Do you want more? There was a little window with wire over it, low enough for me to look through. That was bad in winter until they put a cover over it, but when I got there the nights were pretty warm and it was not bad at all. There was a toilet and a washbowl, too. There was no hot water, but I used my hands and my shirttail for a washrag and cleaned up as well as I could, telling myself that if I ever saw Butch Bobokis again I would ask him for soap.
The bunk was better than the one in the old factory, and the blanket was wool. I was more than ready for both of them.
I slept all night and half the morning.
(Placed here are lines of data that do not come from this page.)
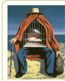
Slawomir Mrozek Mein unbekannter Freund und andere Geschichten Diogenes
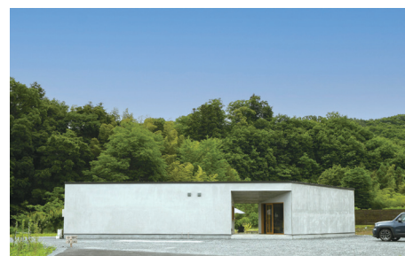
設計士の夫と建物の設計から内装まで2人で手掛けた
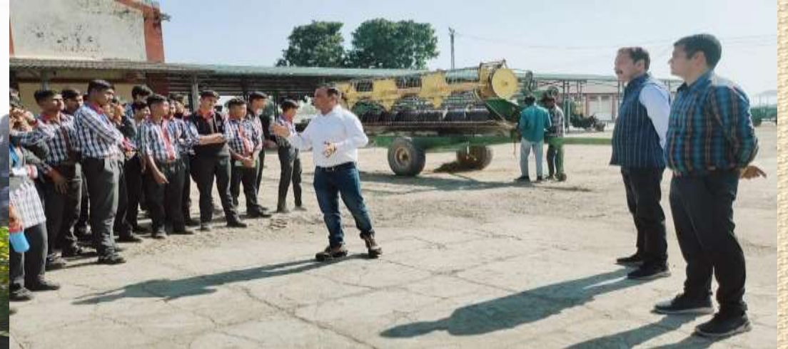
Field Visit of GB Pant University of Agriculture and Technology Pantnagar
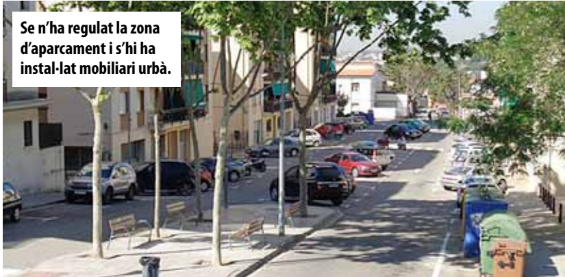
Se n'ha regulat la zona d'aparcament i s'hi ha instal·lat mobiliari urbà.
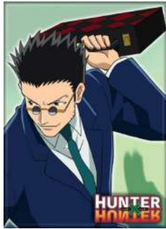
Léolio, un ami à Gon qui aspire à être un hunter
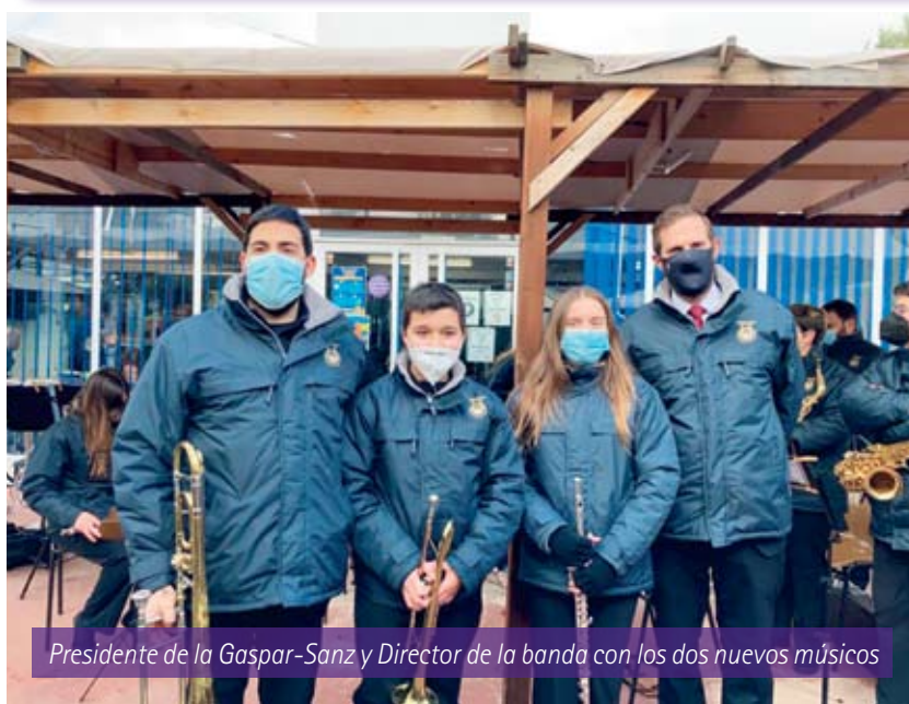
Presidente de la Gaspar-Sanz y Director de la banda con los dos nuevos músicos
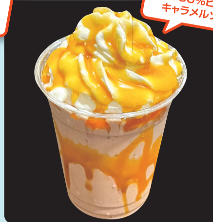
キャラメルモカ エスプレッソフラッペ ¥480
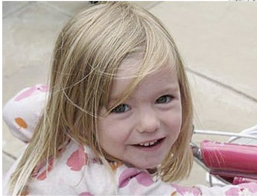
Madeleine tinha três anos quando foi sequestrada em um resort no Algarve, em Portugal

ração se a juíza, que não teve seu nome divulgado, será retirada do caso. A nova data do julgamento
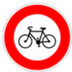
Panneau d'interdiction B9b - Circulation des cyclistes interdite
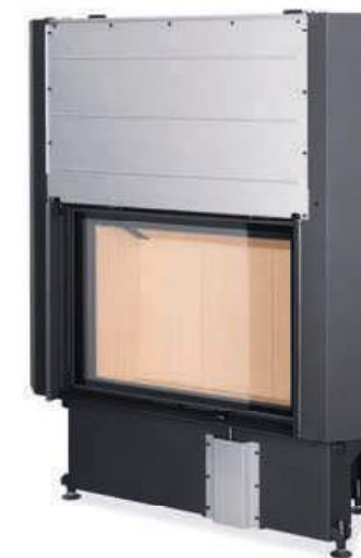
Impression 2G L 80.60.01
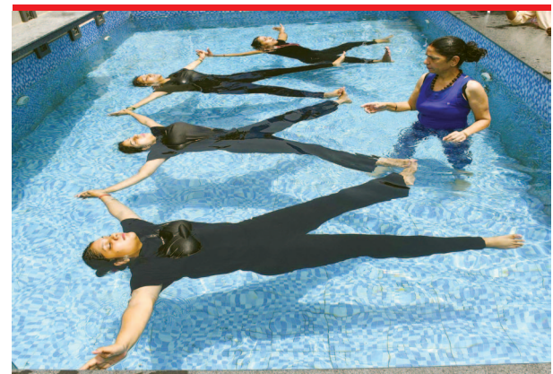
गोमती नगर विनय खंड में स्विमिंग पुल में योग प्रदर्शन करते जगदम्बा योग वेलफेयर सोसाइटी के सदस्य।

मुख्यमंत्री के निर्देश पर परीक्षा में शामिल होने वाले अभ्यर्थियों को राज्य परिवहन निगम की बसों में यात्रा के दौरान किराए में 50 प्रतिशत की छूट प्रदान की जाएगी। मुख्यमंत्री ने कहा कि प्रदेश सरकार युवाओं को पारदर्शी, निष्पक्ष और सुविधाजनक भर्ती प्रक्रिया उपलब्ध कराने के लिए प्रतिबद्ध है। भर्ती परीक्षा में बड़ी संख्या में आवेगमन को देखते हुए यह निर्णय लिया गया है, जिससे उन्हें आर्थिक राहत मिल सके और परीक्षा केंद्र तक पहुंचने में किसी प्रकार की असुविधा न हो।
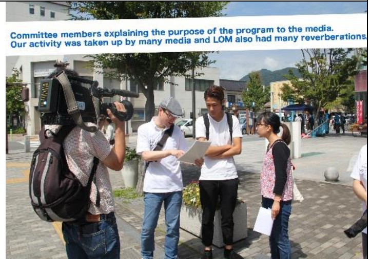
Committee members explaining the purpose of the program to the media. Our activity was taken up by many media and LOM also had many reverberations.
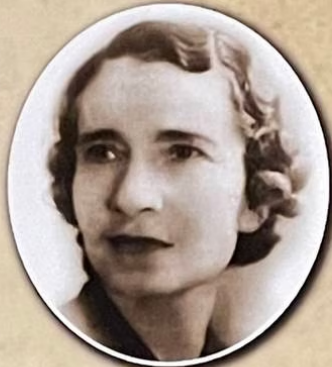
Ángela Acuña Braun Presidenta
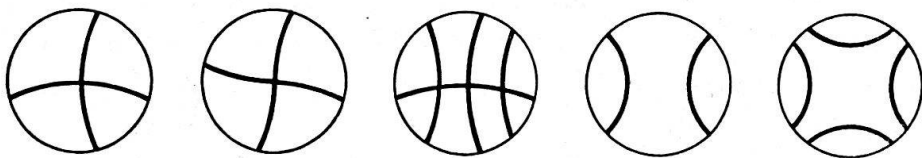
1. Enneberg 2. Jenesien 3. Kurtatsch-Graun 4. Kurtatsch-Graun 5. Antholz
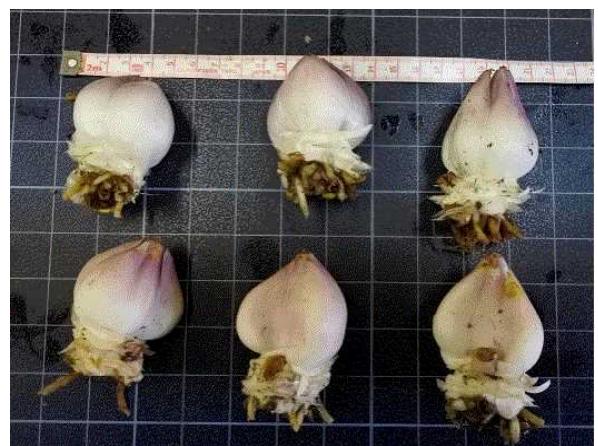
図3 中山間地農業技術センターにおける球根肥大状況（左：球根全体、右：新球）
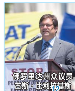
佛罗里达州众议员 古斯·比利托基斯
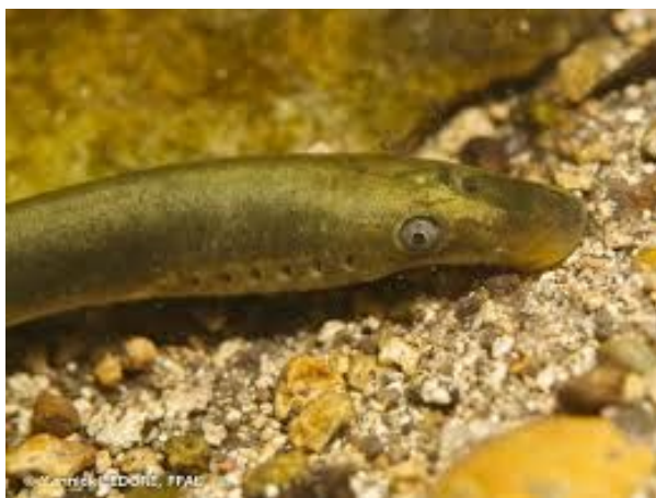
Lamproie de Planer

Le projet est soumis à évaluation environnementale en raison de la présence d'un site Natura 2000 3 sur son territoire. Il s'agit de la Zone spéciale de conservation (ZSC) « Marais de la Vesle en amont de Reims ». Les marais de la Vesle sont constitués de tourbières, de formations boisées et de terres agricoles. Parmi les espèces inscrites à l'annexe II de la directive européenne qui ont permis la détermination du site, on peut citer la Lamproie de Planer, le Triton crêté et l'Orchis négligé. Par ailleurs, le document recense également une Zone naturelle d'intérêt écologique faunistique et floristique (ZNIEFF) 4 de type 1, une ZNIEFF de type 2, des zones humides et à dominante humide et des corridors écologiques.
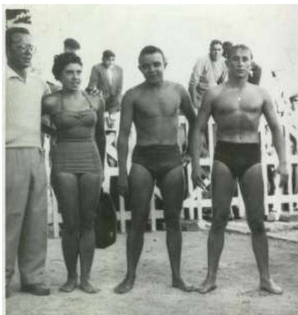
500 metros do Mondego (inter-clubes) – 3ª - 1957

Os records nacionais de categorias foram obtidos nas provas de 200 metros costas, aspirantes (Coimbra, 1959), 100 metros livres, aspirantes (Aveiro, 1959), 100 metros mariposa, seniores (Tomar, 1961), e os records absolutos foram um individual, nos 200 metros mariposa (Figueira da Foz, 1961), e outro na estafeta 4x100 metros livres, com a equipa nacional (Algés, 1960).
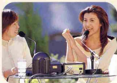
Kiss FMの公開放送「神戸国際会館オープン記念ウーマンリレートーク」でのひとこま

神戸が震災に見舞われて、三カ月後に上京することになりました。あの時に、人から教わったことや自分で感じたことがパワーやガッツになって、東京でも頑張ることができのだと思います。私自身、中、高、大と神戸の学校に十年間通っていましたから、いつも私の心の中には神戸のことがあります。神戸に青春のすべてが詰まっていると言ってもいいほど。だから神戸に戻って来れば、「ただいま！」って気分になりますね。それから
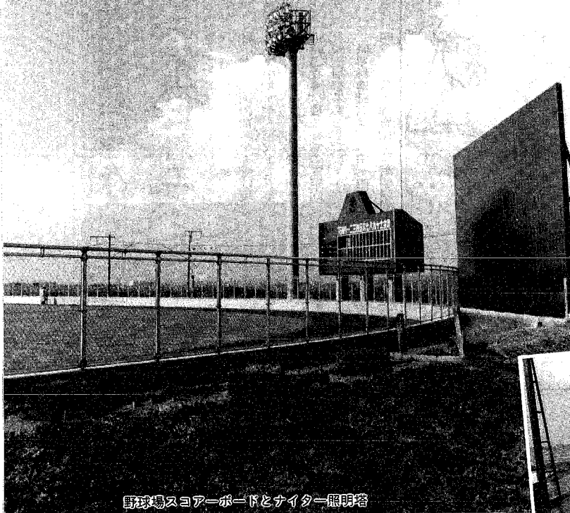
野球場スコアボードとナイター照明塔

Probably they had called the prisoners for breakfast, but I slept right through it. When I sat up, there was a big guy in my cell sitting on the other bunk and looking at me. So I told him, “Good morning,” in German.
He said, “I don’t suppose you understand English?” It was in English, and you could tell he had about given up hope by the sound of his voice.
I said, “Sure I do. Where you from?”
“Cincinnati. We call it the Queen City.” He sighed. “And I wish to God I was back there.”
We talked some more, and I found out that his name was Russ Rathaus and he was sixty-three. He looked quite a bit younger than that to me, maybe fifty or fifty-five tops.
“I had a neat little novelty business,” he said. “We made voodoo dolls and sold them all over the country. I don’t mean we dealt with customers direct. We wholesaled them to novelty shops, the kind of stores where they sell souvenirs and plates with the presidents on them. All that junk. My partner invented the process, and I bankrolled him, running the business out of my garage at first. You looked at me funny when I said voodoo dolls. I guess anybody would.”